Goal of the exercise:
Using the data below, restate exactly every line from the one with "Bobikuke Casserole à" up to and including the one with "Bildunterschrift: Ein mikroskopischer". No picture belongs in it.

Input material:
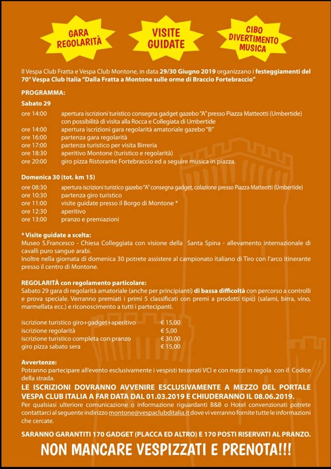 70 anni del Vespa Club a Montone – 29/30 giugno 2019
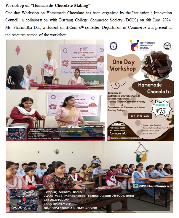 | 386 | One day Workshop on Homemade Chocolate has been organized by the IIC, Darrang College in collaboration with Darrang College Commerce Society (DCCS) on 6th June 2024. | 2024-06-24 | View File |
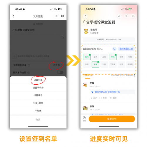 接龙管家小程序的【发起签到】功能,为高校多样化的签到场景量身定制
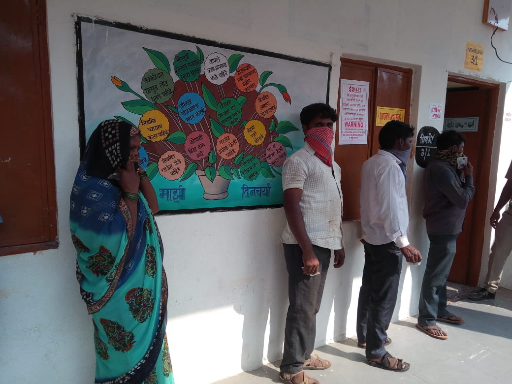 भिवर्गी ता.जत येथे मास्क वापरत सुरक्षित अंतर ठेवण्यात मतदान प्रक्रिया पार पाडण्यात आली.
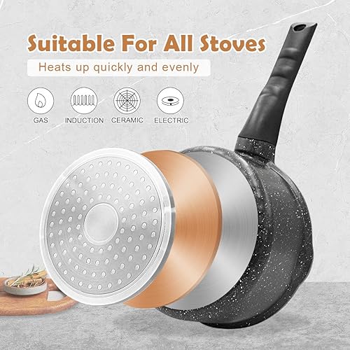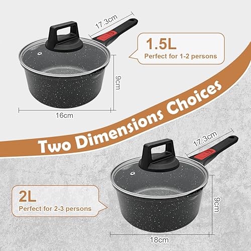 Bobikuke Casserole à sauce 18cm Antiadhésif avec Poignée détachable, Résistant au four et au lave vaisselle, Tous Types de Cuisinières (noir)
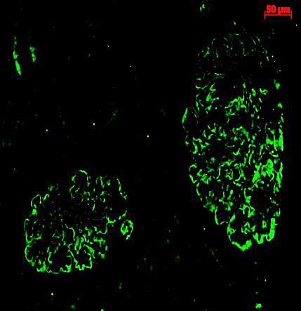 Bildunterschrift: Ein mikroskopischer Schnitt einer menschlichen Niere zeigt die Nierenkörperchen (in grün), die für die Bildung des Primärharns verantwortlich sind.
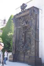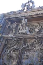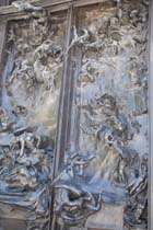 そしてロダンが最期まで製作し続けて未完に終わったという「地獄の門」。 館内のものはこじんまりとしたサイズでしたが、庭に置かれた作品は見上げてもてっぺんがよく見えないぐらいの 大きな大きな作品です。何度も試作を繰り返していたのですね。「地獄の門」の「考える人」よりも上にある 3人の姿は単独でガーデンにも別の単独の作品としてみることができます。。 これ程の大きい表現では、地獄の火の海の煮えたぎった壮絶な様子に見ている自分も飲み込まれそうなぐらい ひしひしと迫ってきます。 未完成に終わった作品といわれていますが、きっといつまで向かい続けても終りを知ることがない、 そんな作品に挑んでいたのだと思います。 ロダンの描きだす人間の肉体の美しさを表現しながらも、その表情はいつも物憂げでうなだれて、悲壮感に あふれています。笑顔の作品がひとつも見つけられません。 人間は業を背負っていて、全ての人間は地獄に落ちていくのかもしれない・・そして私もきっと地獄へ行くのだろう、と 何か言いようのない力に吸い寄せられてその傍に思わず歩み寄っていってしまいます。 神のようには生きられない、人間の苦しみです。 晴れ渡った空が悲しく見えてしまいます。 |
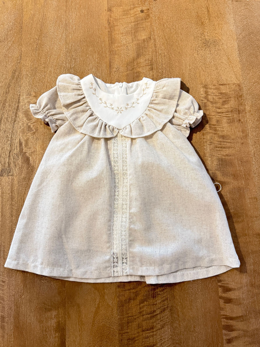 Dress your little one in timeless charm with this beautifully made baby dress in a soft, natural beige tone. Featuring a sweet ruffle collar with delicate floral embroidery and puffed short sleeves, this dress blends vintage elegance with everyday comfort. The soft, breathable fabric is gentle on baby’s skin, while the lace trim down the front adds a lovely handmade touch. Perfect for special occasions, family gatherings, or just looking adorable on an ordinary day. Details and Care * Made in Turkey * Outer Lining: 50% Cotton, 10% Linen, 40% Polyester * Inner Lining: 100% Cotton * Tulle: 100% Polyester * Dry clean only
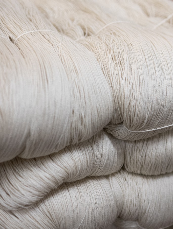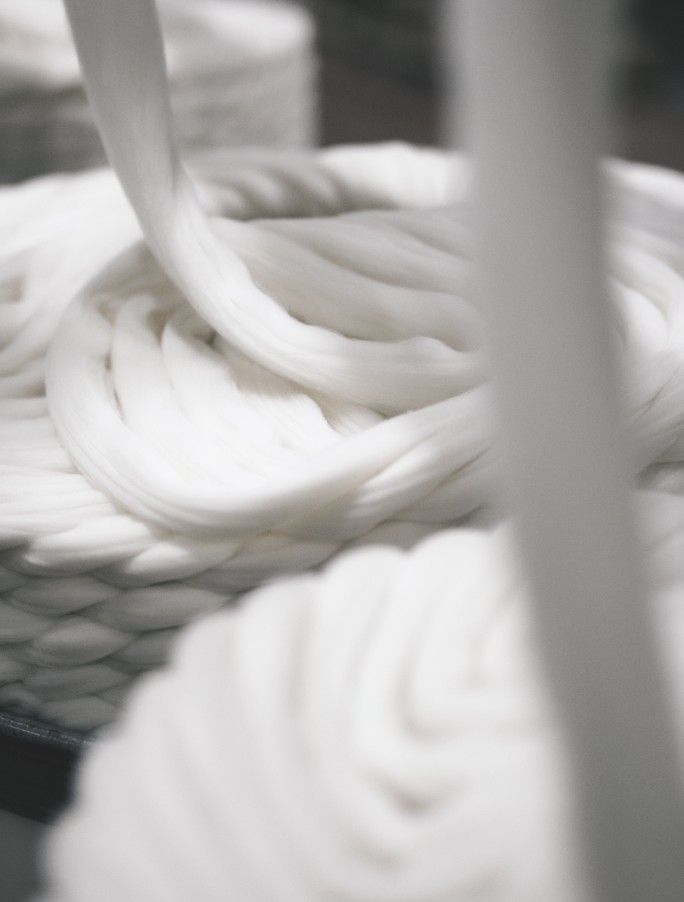 Á þessum stað í framleiðslunni er bætt við hráefnum . Í þessum risahespum er ull sem hefur verið þvegin og kemd. Þegar um er að ræða litun á miklu magni í lotunúmeri, litum við heilu hespurnar áður en þær eru spunnar í dokkur.
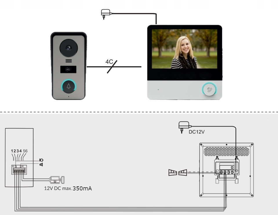 - Прямое управление электрическим водителем используется для открытия калитки/двери после вызова снаружи или после вызова функции предварительного просмотра на мониторе.
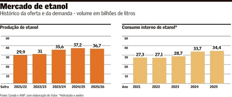 No ano passado, quando o consumo do ciclo Otto (gasolina e etanol) foi recorde, as vendas totais de etanol — somando o hidratado vendido nos postos e o anidro misturado à gasolina — alcançaram cerca de 34 bilhões de litros. Em 2026, o consumo do ciclo Otto deve ter um aumento na faixa entre 1,6 bilhão e 1,9 bilhão de litros em gasolina equivalente, segundo estimativa recente da consultoria Datagro. Se todo esse acréscimo for garantido pelo etanol hidratado, trata-se de um consumo adicional de 2,3 bilhões de litros.
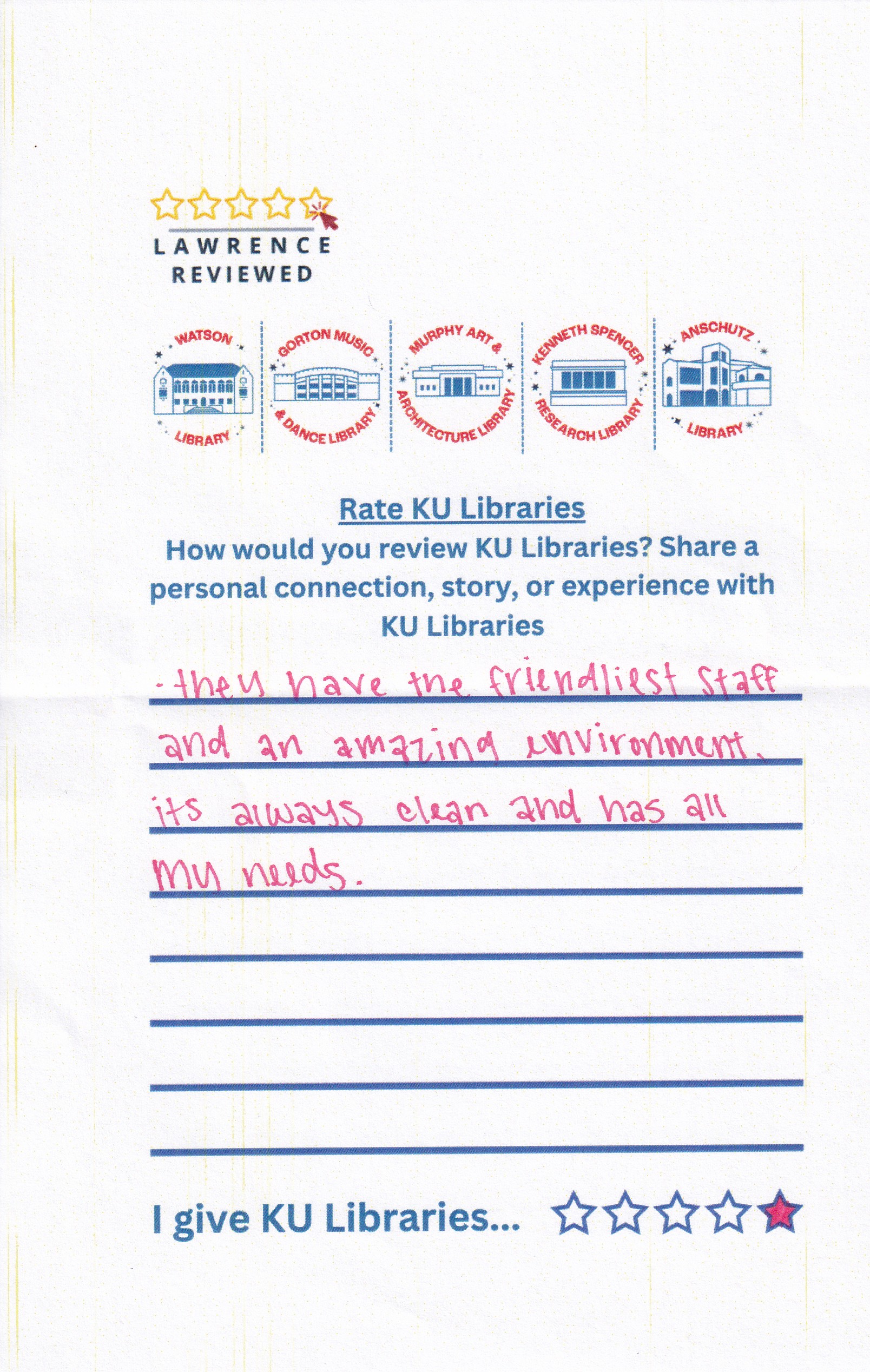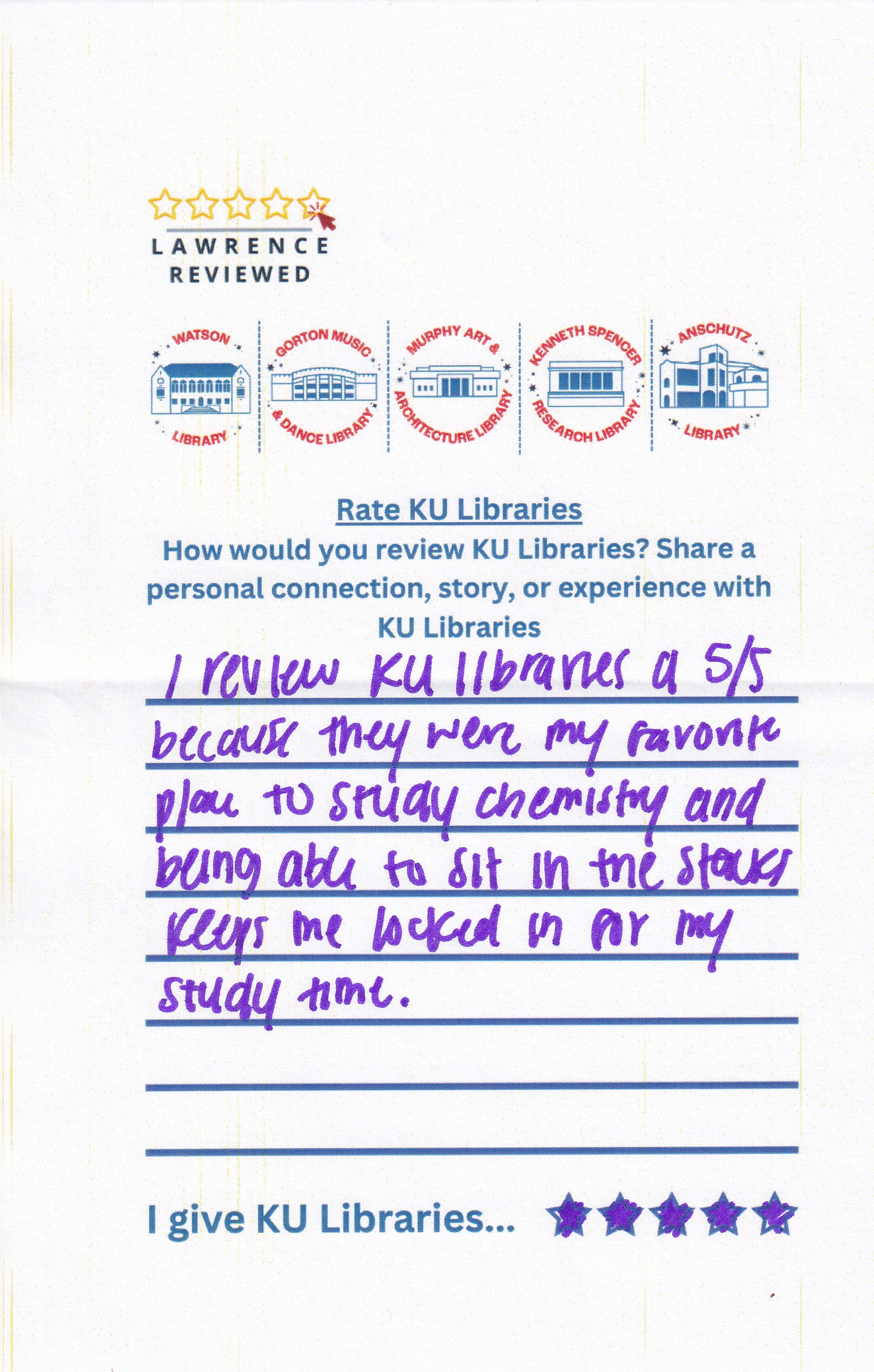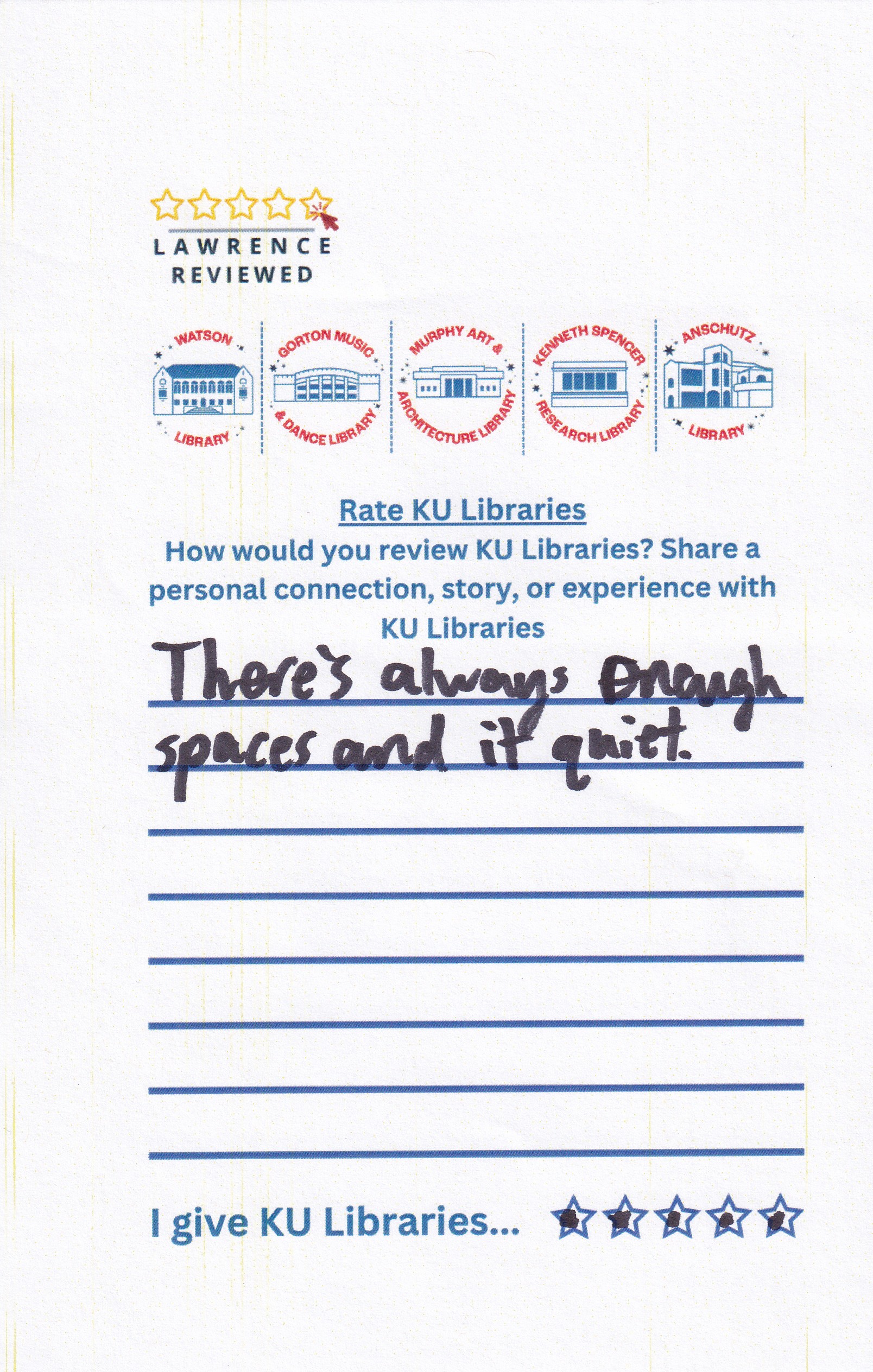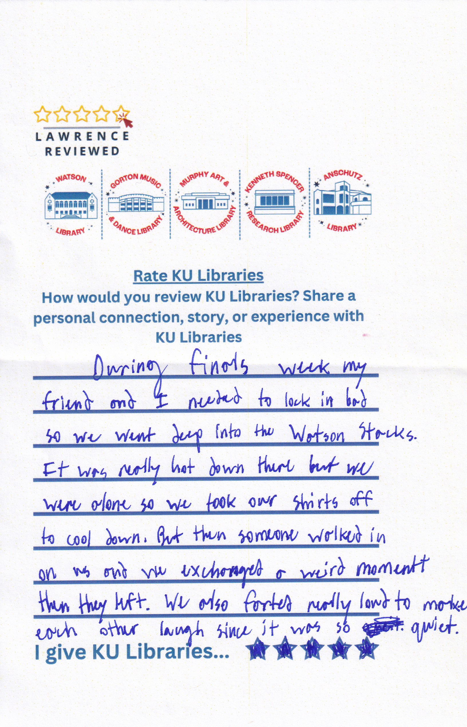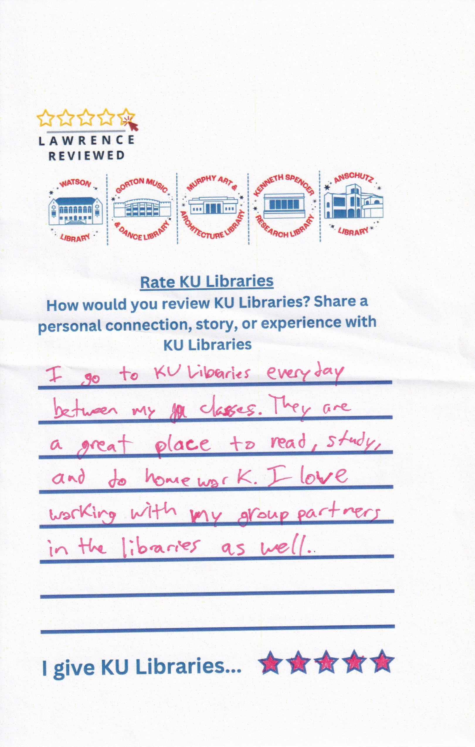 Prompt: How would you review KU Libraries? Share a personal connection, story, or experience with KU Libraries.

Exercise result:
 Bobikuke Casserole à sauce 18cm Antiadhésif avec Poignée détachable, Résistant au four et au lave vaisselle, Tous Types de Cuisinières (noir)
 Bildunterschrift: Ein mikroskopischer Schnitt einer menschlichen Niere zeigt die Nierenkörperchen (in grün), die für die Bildung des Primärharns verantwortlich sind.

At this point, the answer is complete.